Suratım Nazlış'ın pastel boyaları ile yeşile boyanmış;
Üzerimde hamile iken giye giye belini gevşettiğim için sürekli belimden düşen eşofmanım;
Balkondaki çamaşırları toplar;
Makinedekileri boşaltır;
Boşalttıklarımı asar;
Ve bir yandan da annemden öğrendiğim gibi teflon tavada pişirdiğim börek yanmasın diye mutfağa gidip gelirken;
Fark ettim ki;
Çok da uzun olmayan bir zaman öncesine kadar sadece annemin yapmakla yükümlü olduğuna inandığım, benim dünyamın dışında olan, kendime adeta yakıştıramadığım işlerle geçiyor günlerim.
Evet, kitap okuyorum, bulduğum her vakitte; kendi bloglarımı yazıyorum, başkalarının bloglarını takip ediyorum; bir tür terapi olduğunu fark ettim, örgü örmeyi öğrenmeye çalışıyorum; doktora tezimi yazma psikolojisine girmeye çalışıyorum...
Ama günümün çoğu yemek yaparak, ortalık toplayarak ve birşeyleri düzen içerisinde tutmaya çalışarak geçiyor, ya da bu işleri düşünerek.
Eskiden yemek yediği tabağı bile mutfağa götürmeyen ben, çorabının yerini bile annesine soran ben, 26 yaşına kadar suyunu annesinden istemiş olan ben.
Bugün işte öyle perişan bir halde evin içinde dört dönerken farkına vardım durumumun. Tuhafıma gitti. Halimden memnun olmadığımdan değil, benim seçimim bu, zaman zaman tereddütlerim olsa da asla pişman değilim. Ama galiba bir evin annesi olduğum gerçeği dank etti kafama. Sadece annelere özgü sanılan işlerin artık benim sorumluluğum olduğu gerçeği. Tuhaf işte. Artık çocuk değil de anne olmak, bir evin sorumluluğunu taşımak.

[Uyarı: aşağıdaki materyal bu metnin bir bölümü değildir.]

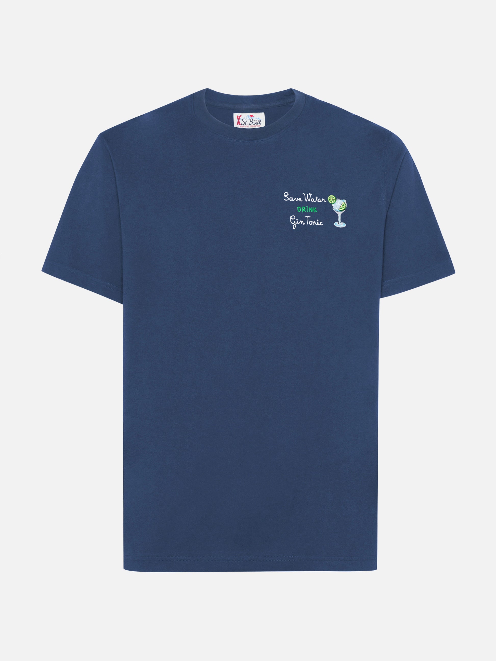 Arnott cotton T-shirt in blue with Save water drink Gin Tonic embroidery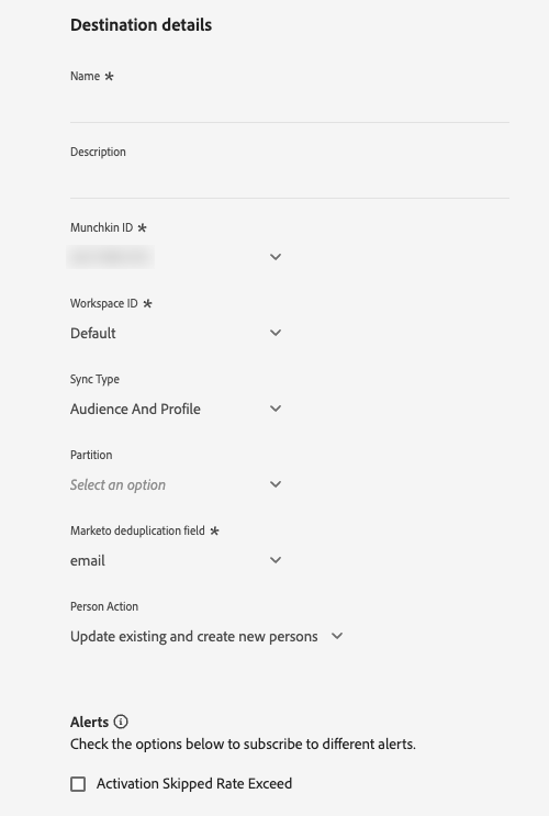 Partition: パーティションの選択は、Profile onlyまたは Audience and profile 同期タイプを選択する場合にのみ使用できます。 選択したワークスペースに関連付けられているMarketo パーティション ID を選択します。 これにより、書き出されたデータを受け取るMarketoのリードパーティションを指定できます。 特定のパーティションを選択しない場合、データはMarketoの Default パーティションに送信されます。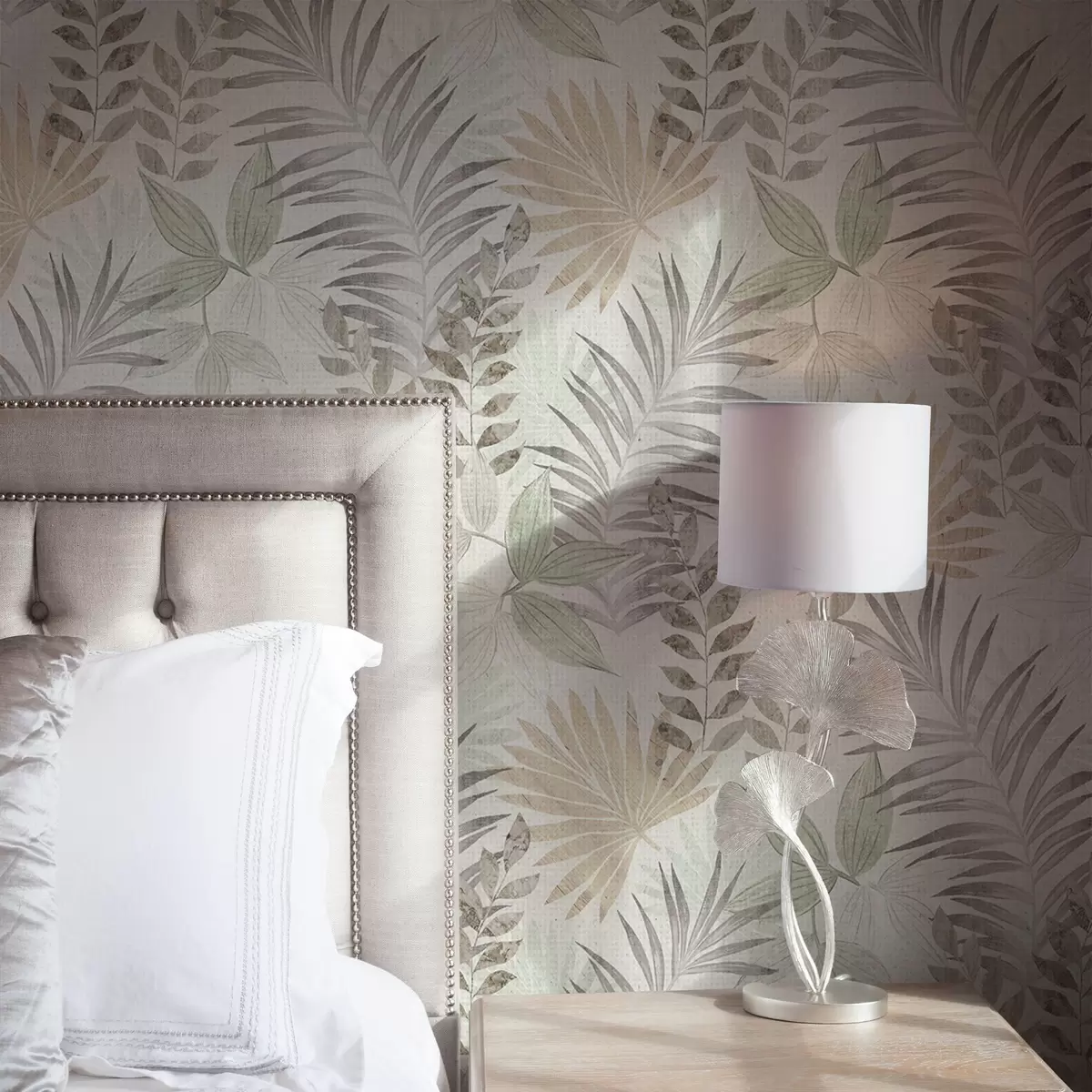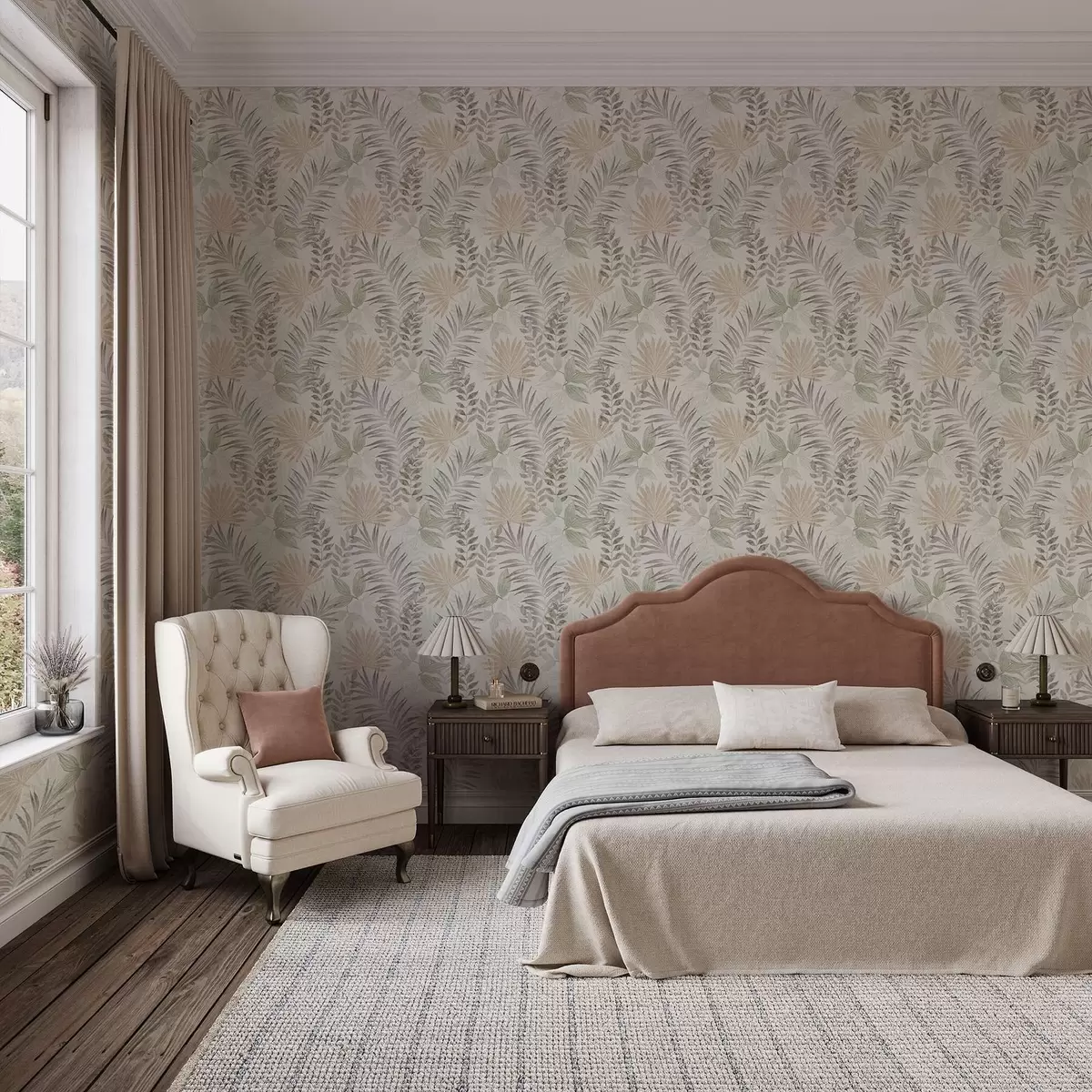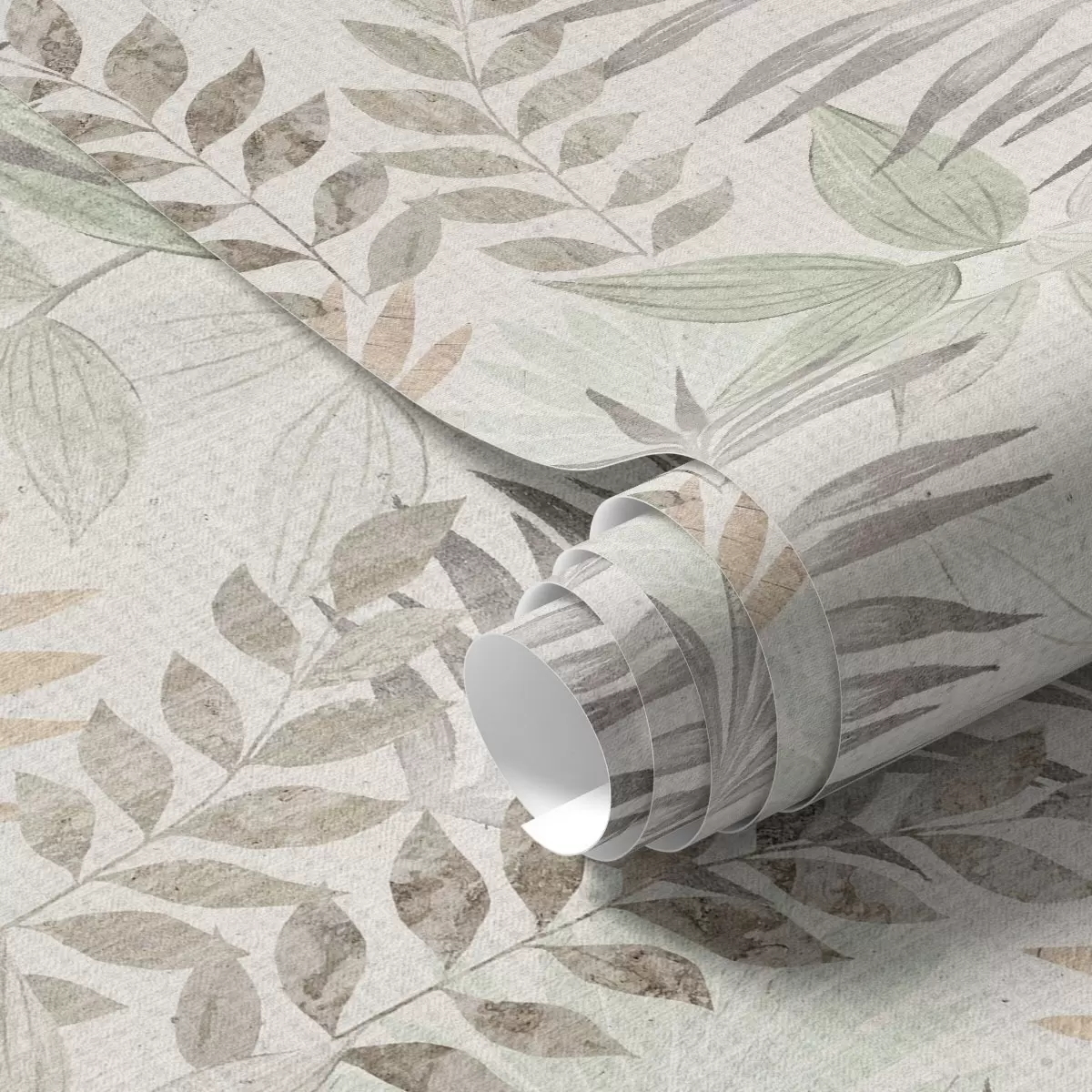 Papel tapiz Hojas tropicales en tonos pastel sobre un fondo claro, textura sutil Nr. a00725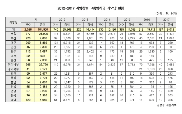지방청별로 가장 과오납 사례가 가장 많은 곳은 경기청(남·북부청 합계)으로 2012년 이후 총 406건·2489만원을 기록했다. 다음으로는 △서울(377건·2200만원) △부산(220건·980만원) △대구(209건·886만원) △광주(112건·709만원)가 뒤를 이었다. 가장 사례가 적은 곳은 △대전(22건·94만원) △인천(46건·234만원) △울산(56건·239만원) △전북(55건·248만원) 순이었다.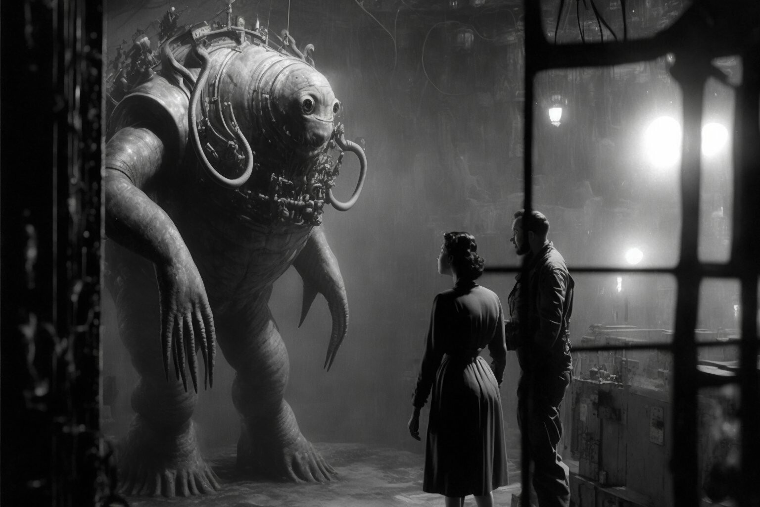 'a scene from the 1962 science fiction film Terror from the Deep, 35mm black and white'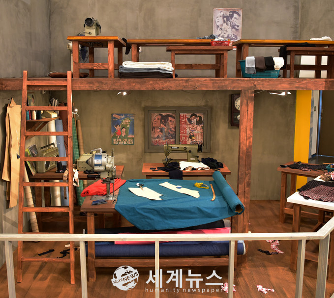 특히 ‘그 시절의 평화시장’에서는 봉제공장을 실제 평화시장 출신 노동자의 증언과 사진 자료를 통해 생생하게 재현했다. 당시 공장의 대표적인 구조물인 다락을 설치하였고, 실제 크기 공장 사람들 모형을 통해 실감나는 전시 감상이 가능하다.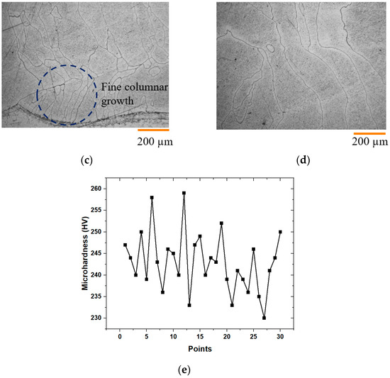 The microstructure of the clad layer is presented in Figure 13b. The presence of elongated and spherical pores discussed previously can be seen with the ~15 µm size. The microstructure is primarily columnar in nature, which is mainly oriented parallel to the build direction. However, the inclination of the grain growth is evident along the cross-section, which is produced by the curvature of the melt pool. During the LDED-PF process, the powder was captured by the high-energy laser and a melt pool was formed. The heat flow was mainly dissipated from the melt pool to the substrate, which led to a high-temperature gradient. The grains prefer to grow opposite to the direction of heat transfer. It can also be seen that the average grain size is ~125 µm in the bottom zone of the clad, while the grain size is ~170–180 µm in the top region of the clad.

Galiba ben bu günün hiç gelmeyeceğini sanmıştım.
Subscribe to:
Post Comments (Atom)
3 comments:
Merhaba Nihan,
aynen senin gibi (her ne kadar tez olmasa da) bir yandan hazırladığım kitaba konsantre olmaya bir yandan da kendi deyimimle yaşanan bir evi yaşanmıyormuş gibi gösterme çabasından başka bir şey olmayan ev işlerine adanmış ikili bir hayat içindeyim..
BAsit bir denklem adlı yazımı ile senin bu yazın arasında hoş paralellikler buldum.
Demek yalnız degilim :)
http://anlatanne.blogspot.com/2007/04/basit-bir-denklem.html
sevgiler
ve gorusmek uzere
Nihan Merhaba,
Ben de aynı şekilde düşünürdüm. Anne olmadığım için belkide hala annelik sadece anneme ait bir sıfat gibi geliyor bana. Anne olduktan sonra birçok şeyi anlıyor galiba insan. Henüz yaşamadım ama tahmin ediyorum. Evlilik+annelik=Evin Annesi yapıyor insanı. Halbuki biz daha birkaç yıl önce çocuktuk...
Sevgiler.
Nedense blogger gelen yorumlari e-maille bildirmeyi bıraktığı için bu yorumları şimdi tesadüfen gördüm.
Binnur, ev işlerini yaşanan bir evi yaşanmıyormuş gibi gösterme çabası olarak tanımlaman çok hoşuma gitti. Hemen kocama ileteceğim bunu. Yazını da derhal okuyacağım.
Sebla, gerçekten de insan anne olmadan evin annesi gibi hissetmiyor kendini. Ama evin annesi gibi hissetmek de bir tuhaf geliyor bana. Dedim ya nedense ben bugünün hiç gelmeyeceğini sanmıştım.